Friday, January 27, 2017

Feed Me, Feed Me

Medication is good – it makes you feel better and it may control your symptoms.

Medication is bad - since one of the major side effects is weight gain. I know because I have been subjected to incredible food cravings due to what I have been prescribed.

We had a session with the pharmacist, and just for the record, she was about 5' 4" and weighed, at most, 100  pounds. One the main topics she was to speak on was how to avoid weight gain with certain medications. I was enthused. But then her talk was just about increasing exercise, eating healthy, and losing weight. This is when I realized there was a failure to communicate.

Certainly exercise and a healthy diet are good lifestyle choices, however neither of these have anything to do with food cravings. I have found those cravings are evil and all-consuming.  They make candy and sweets call me from the cupboard. I find that carbohydrates whisper "Come hither and eat me now".  My body is constantly in a starvation mode. Unless one has experienced this, one cannot comprehend the pain and agony. Simply telling someone, "Eat Less" is totally ineffective when your body is saying "Feed me, feed me", all the time.

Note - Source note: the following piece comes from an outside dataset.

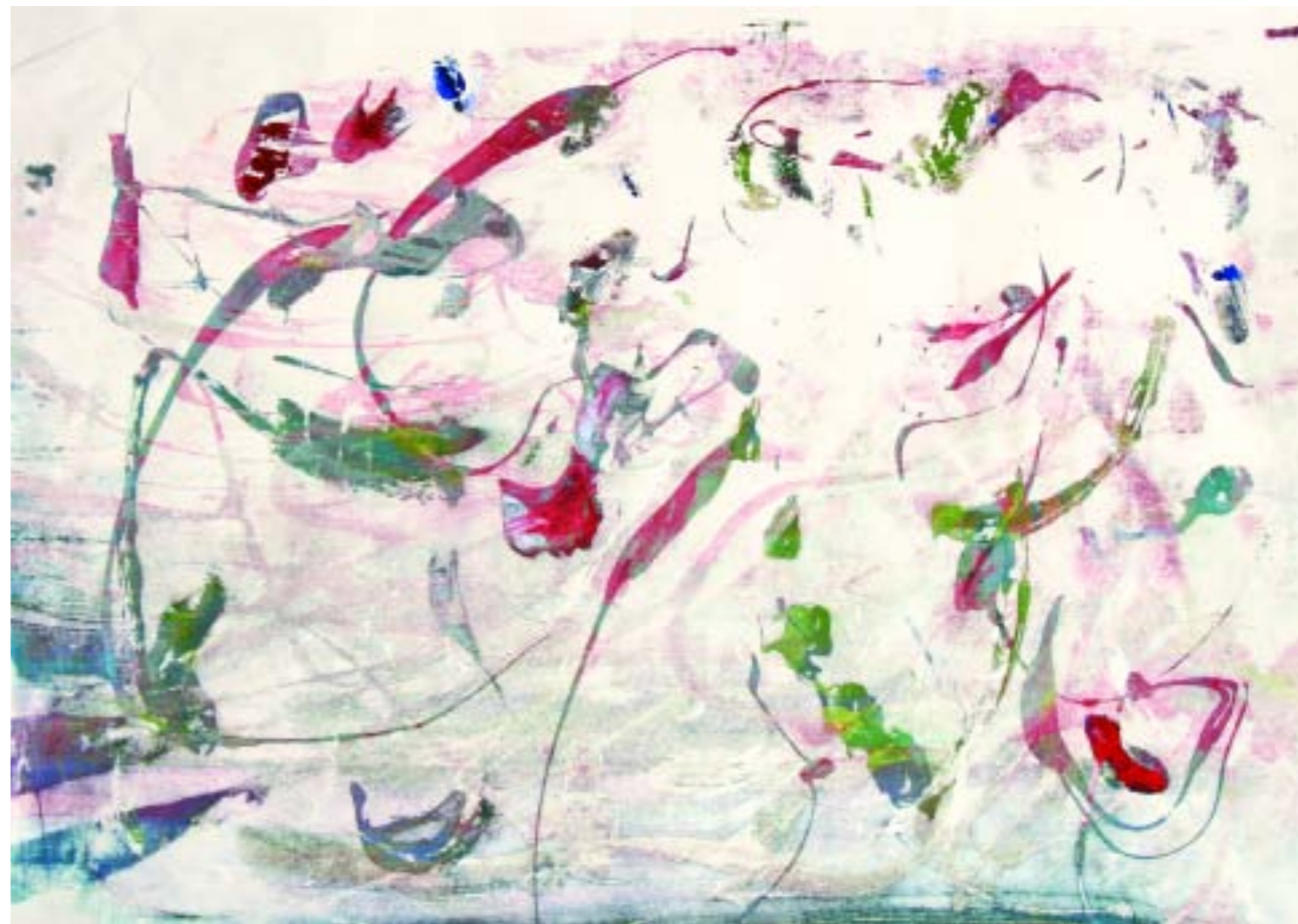
Untitled Acrylic on paper 74cm x 52cm

When I realize a certain medication is causing weight gain I contact my doctor.  My statement is very simple – "If you think I was depressed before the medication, then be aware this medication has caused me to gain weight and now I am just one honey bun away from a death spiral. Therefore I suggest you prescribe something else."

I raised this issue with the Pharmacist. Her response was, "Yes, some medications can cause weight gain."

"But how do we handle that?"

"Like I suggested, more exercise and a better diet." I realized this was going nowhere. Perhaps a more rotund pharmacist who suffers from depression and is on some evil medication would be more sympathetic. If I looked like a waif (as she did) I would not be able to relate to the question either.